1
votes

I have a.h and a.c that gives the interface and implementation of a function

//a.h
#ifndef A_H
#define A_H
int op();
#endif

//a.c
#include "a.h"
int op(){
    return 1;
}

Similarly, I have b.h and b.c that gives the interface of a function of the same name but with a different implementation

//b.h
#ifndef B_H
#define B_H
int op();
#endif

//b.c
#include "b.h"
int op(){
    return 2;
}

Now, I want to link them with the main program

#include <stdio.h>

int op();

int main(){
printf( "returned = %d\n ", op());
}

For that purpose, I first compile a.c and b.c to a.o and b.o respectively.

gcc -c a.c; gcc -c b.c

Then I am trying to link them together. An usual objective here is to let main.c choose the implementation of 'op' using the implementation that appears first in the linking command. So, ideally:

gcc a.o b.o main.c should give me an executable that returns 1 when executed, and gcc b.o a.o main.c should give me an executable that returns 2 when executed. But I get the error message

ld: 1 duplicate symbol for architecture x86_64

to which I am actually not that surprised. My question is: How can I let the first occurred implementation be used by main.c? Thanks.

2
Use manual dynamic linking with dlopen; other than that I see no way to do this without involving some seriously dark hacks.datenwolf
While not random letting the linker pick one implementation looks like a very bad idea in general. What do you actually want to accomplish with that?too honest for this site
gcc a.o main.c or gcc b.o main.c..you are trying oops fundamentals in C..right? It is C not Python or Java..Linker is doing its job well, I hope you understand that.Gaurav Minocha
Put the object codes in separate libraries, then specify the order of the libraries. For example, a.o is in library libA.a and b.o is in library libB.a. Then link using either -lA -lB or -lB -lAFredK

2 Answers

3
votes

One option:

  1. Make two static libraries -- one from a.o and one from b.o.

    ar libA.a a.o
    ar libB.a b.o
    
  2. In the link line, use the library that you want to be given higher priority before the other one.

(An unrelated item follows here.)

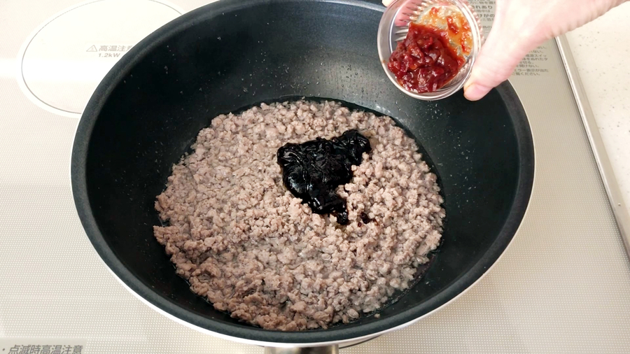 火を強火にして、1分くらいひき肉にしっかり絡めます。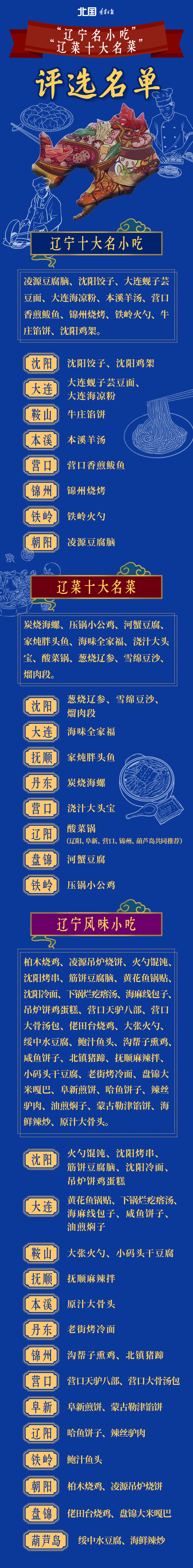 辽宁省商务厅相关负责人表示,此次评选活动,评选出的每个辽宁名小吃、每道辽菜名菜都使用传统工艺制作,有着悠久的历史传承和文化内涵。下一步,将以此次评选活动为契机,加大对辽宁名小吃、辽菜名菜的宣传推广力度,讲好辽宁美食故事;举办突出地域特色的美食节、小吃节,培育美食名街、名店、名厨,打造辽菜宣传推广平台,扩大辽宁美食的知名度和影响力;鼓励入选辽宁地域名小吃的市、县地方政府注册商标,制订标准,推动辽宁美食品牌化、产业化、标准化发展,把辽宁美食打造成为地域文化“名片”,让舌尖上的辽宁美食香飘世界。( 董翰博、图片设计:苑莹)

    gcc main.c -L. -lA -lB
    
3
votes

Depending on linker argument order to select which function to use is in general a bad idea. However, your requirements can be implemented using weak symbols.

To make a function "weak", i.e. overridable by another implementation, mark it with GCC __attribute__((weak)), for example:

int op(void) __attribute__((weak));
int op(void){
    return 2;
}

If you declare both implementations as "weak" in this way, the one that comes first is going to be preferred.

If you mark just one as weak, the other one will be strictly preferred regardless of the linking order. I would suggest to go this way to increase the maintainability of the code.